Your instructions:
After locating the line that contains "Mặc dù tập trung", transcribe exactly that line and each one after it until the data ends, skipping pictures.
━━ Supplied material ━━
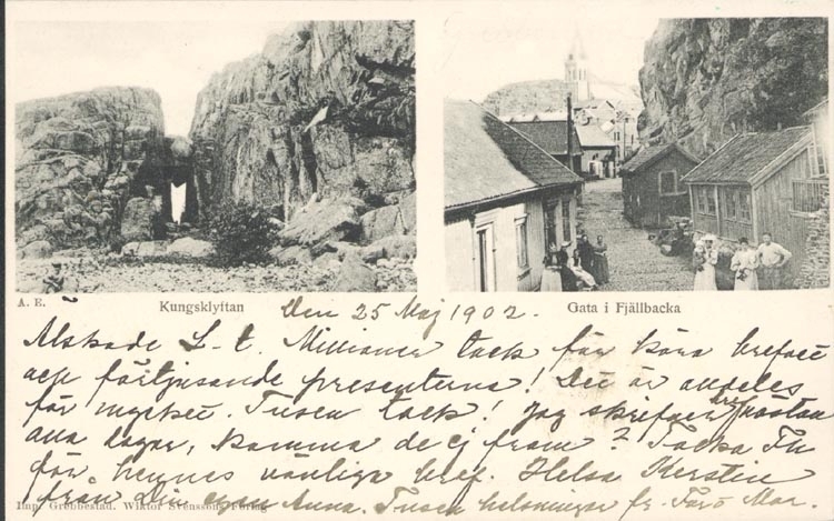 Tryckt text på kortet: "Kungaklyftan. Gata i Fjällbacka".
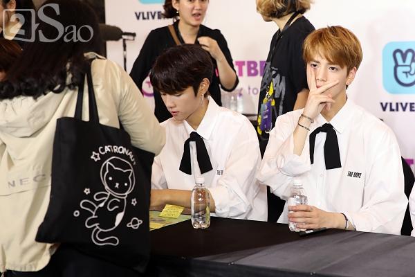 Mặc dù tập trung ký tặng khán giả nhưng những thành viên của The Boyz cũng không quên tương tác với những fan đang chờ phía dưới.
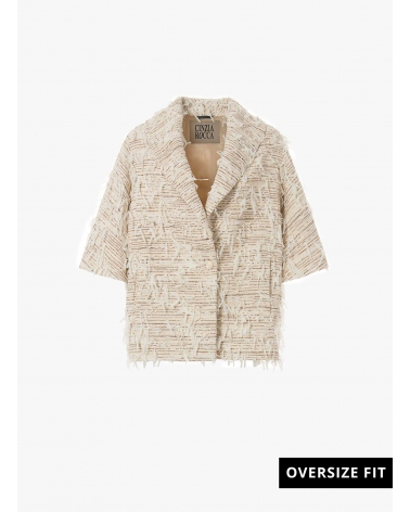 Oversized beige cape with fringes
━━━
Reply:
 Mặc dù tập trung ký tặng khán giả nhưng những thành viên của The Boyz cũng không quên tương tác với những fan đang chờ phía dưới.
 Oversized beige cape with fringes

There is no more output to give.